Featuring Dwayne 'The Rock' Johnson and Madison Pettis, The Game Plan feels both grimly modern and charmingly retro. The plot, with Johnson's all-star pro football quarterback discovering he's the father of an 8-year-old girl (Pettis), feels like it was deliberately calculated in some horrible, airless conference room at Disney where a group of development execs were locked in and denied lattes and e-mail until they came up with the perfect movie for separated dads to take their 'tween daughters to during court-mandated custodial weekends. At the same time, The Game Plan has the gentle, breezy execution of prior Disney family films like The Parent Trap and Freaky Friday, where the children are plucky, the parents are clueless-yet-kindhearted and the plot's schemes and complications all culminate in a cleansing, healing hug at the happy ending. Walking out of The Game Plan, I snuck a peek at my watch -- not because I was curious about the hour, but because The Game Plan was so numbingly, charming similar to Disney family films from years gone by I thought I might have fallen through a wormhole back to the Carter administration.

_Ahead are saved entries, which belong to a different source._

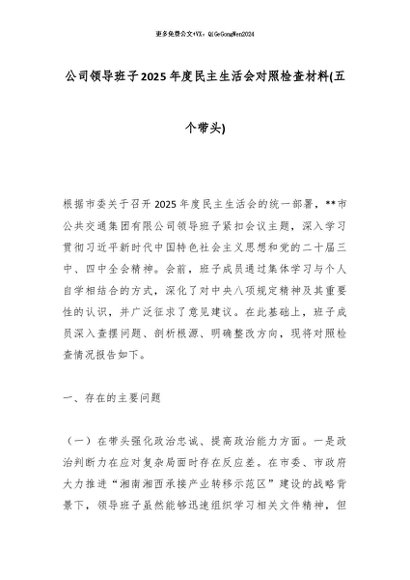 【七哥公文】2026年:公司领导班子2025年度民主生活会对照检查材料(五个带头)_副本+更多免费公文+VX:QiGeGongWen2024
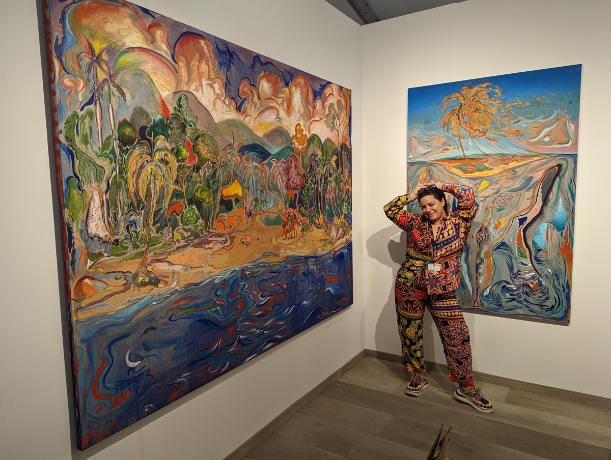 Katia Rosenthal poses with paintings by Alejandro Piñeiro Bello in her booth at NADA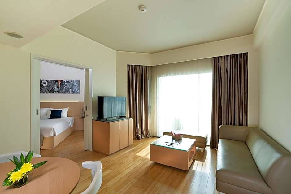 This spacious suite features 1 living room, 1 separate bedroom and 1 bathroom with a bath and free toiletries. The air-conditioned suite features a flat-screen TV with cable channels, a mini-bar, a tea and coffee maker, a dining area as well as city views. The unit has 2 beds.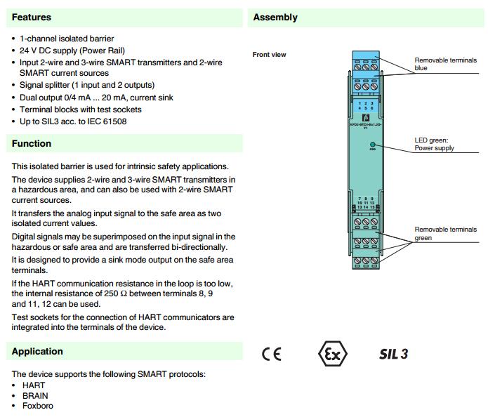KFD2-STC4-Ex1.2O-Y1,模擬量輸入安全柵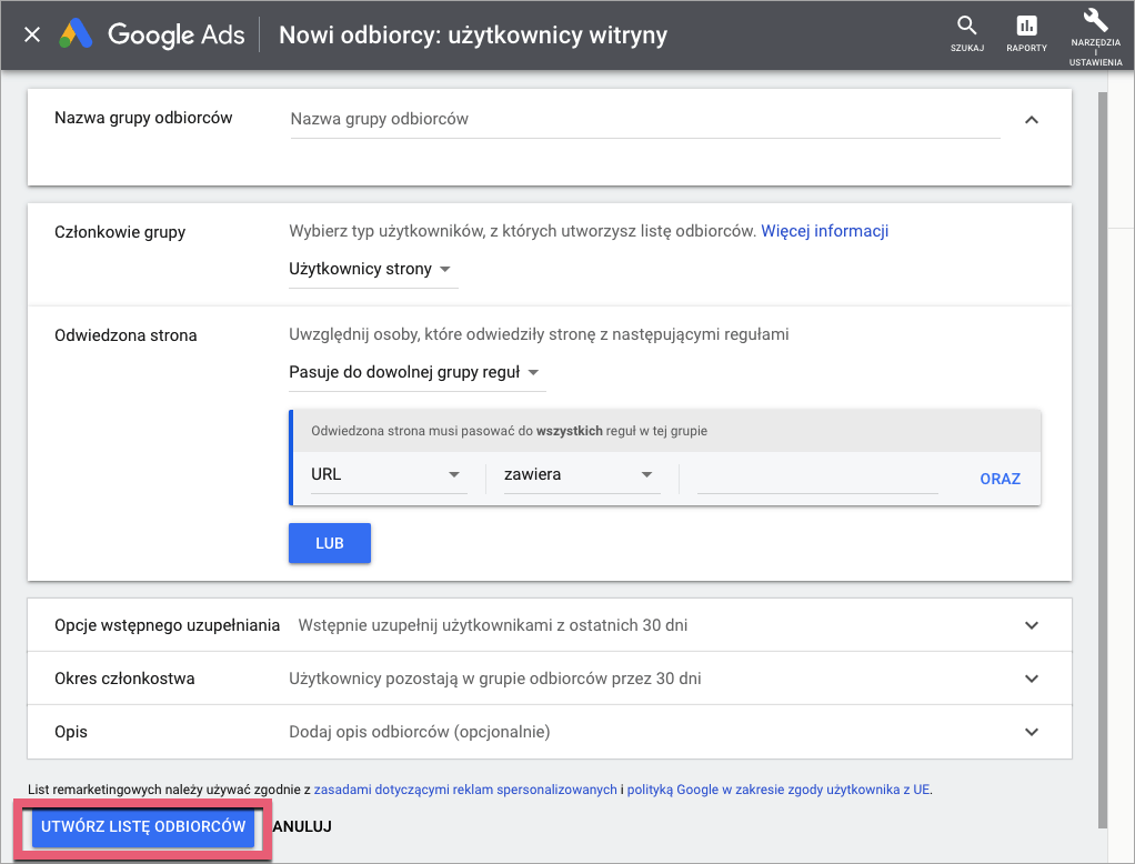 3. W oknie Nowi odbiorcy: użytkownicy witryny wpisz nazwę grupy odbiorców (np. Remarketing [nazwa strony] wszyscy) oraz zdefiniuj inne, wybrane parametry.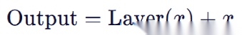 在Transformer架构示意图上可以看到,进入Multi-Head Attention前的张量X,会和经过Multi-Head Attention计算后的输出相加,这个加和操作称为残差连接。这么设计是因为在深层网络中,反向传播时梯度容易因多层导数连乘而急剧衰减(即梯度消失)。残差连接提供了一条梯度直接回传的路径,使得底层参数仍能有效更新。在本质上,此时模型学习的是输入与输出之间的“残差”(即变化量)而非完整的映射,这降低了模型优化的难度。同时原始输入信息可以通过残差连接无损地传递到后续层,避免在多层非线性变换中被过度扭曲或丢失。在Transformer中每个子层后都采用了残差连接,包括Encoder中的Multi-Head Attention和Feed-Forward Network,以及Decoder中的Masked Multi-Head Attention、Multi-Head Cross-Attention和Feed-Forward Network。残差连接的计算公式如下: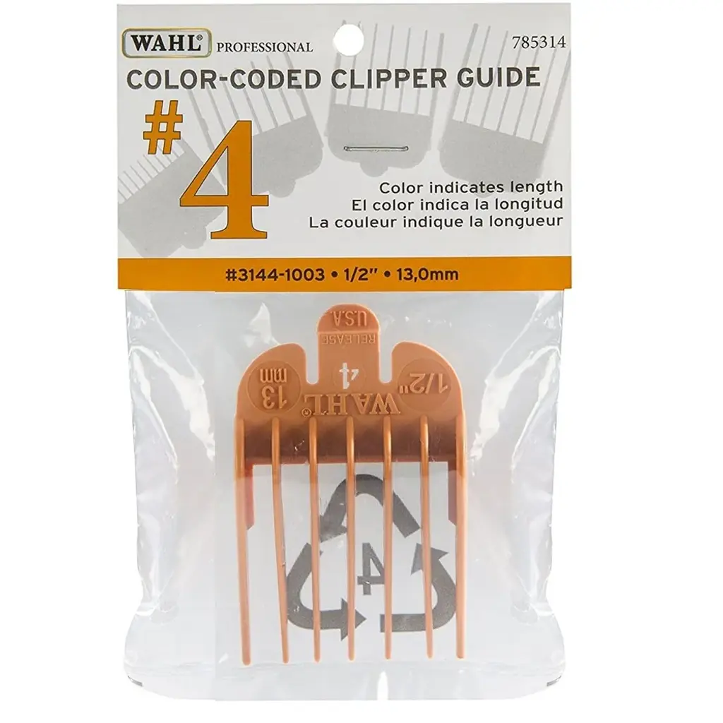 Five Wahl Color-Coded Clipper Guide #4 - 1/2" #3144-1003 The #4 Cutting Guide comes in Orange (3144-1003) and measures at a cutting length of 1/2". The Wahl Professional Cutting Guides fit all full-size Wahl Professional blades excluding the Competition Series and 5-in-1 Magic Blades.MPN:3144-1003x5UPC:043917314433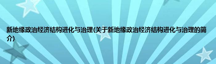 本文关于新地缘政治经济结构进化与治理的简介就讲解完毕,希望对大家有所帮助。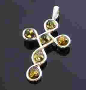 KRZYŻYK z zielonym bursztynem srebro 925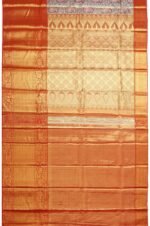 Blue Kanchipuram Silk Saree with Floral Zari and Red Pallu Regular price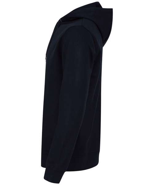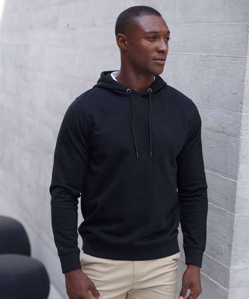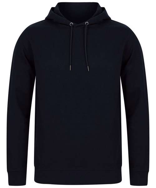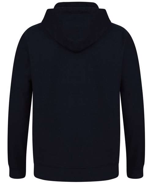 Fabric using recycled materials. Regenerated cotton mixed with recycled polyester. Brush back fleece. Set-in sleeves. 3-piece hood with drawcord and metal ends. Ribbed cuff and hemline. V insert at neckline. Regular fit. Henbury cut-out label for easy rebranding.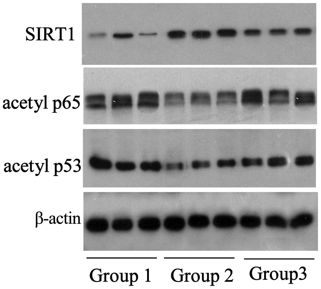 In addition to examination of the physiological adhesion status, the flexor tendons were randomly selected and disrupted using liquid nitrogen, in order to detect the expression levels of specific signaling molecules. As shown in Fig. 2, the expression levels of SIRT1 in the chitosan group (group 2; n=3/group) were elevated, when compared with the control group; chitosan-induced SIRT1 protein expression was observed to be inhibited by nicotinamide. Conversely, the expression levels of the SIRT1-targeted proteins, acetylated p65 and p53, decreased with the upregulation of SIRT1 and increased with the downregulation of SIRT1, which was induced by nicotinamide.

The timeless-but-not-quite-tired nature of the pitch can explain a lot of that feeling; strip away the more modern details, and you could have made The Game Plan in the '50s or '70s with Hayley Mills or the young Jodie Foster as Peyton. Johnson is Joe "The King" Kingman, ace QB for the Boston Rebels. Joe's bravado and self-regard would be unbearable, but for the fact that he can deliver: During the fourth down with the clock running in the game they have to win to make it to the playoffs, Joe tells his teammates "Everyone get on The King's back and I will lead you to the promised land." And they do, and he does. Joe lives in one of those stylized ice-kingdom high-tech apartments, makes money for himself and his agent (Kyra Sedgwick) and enjoys the good life, despite a nagging feeling of ennui and never having won a championship. At which point the plucky, perky Peyton (Pettis) shows up: She's his daughter, a reminder of a long-past, long-over marriage in Joe's youth. Apparently Joe's ex-wife Sarah is off to Africa for a month, and she's leaving Peyton with Joe. Joe is not necessarily prepared for this, and the film hurls itself into wringing laughs from all of the flailing and fumbling that adjustment entails. Peyton figures Joe out immediately: "You sure got a lot of pictures of yourself in here. ..." Joe has no clue about how to be a father figure, let alone an actual father; he barely has a sense of how to be a grown-up.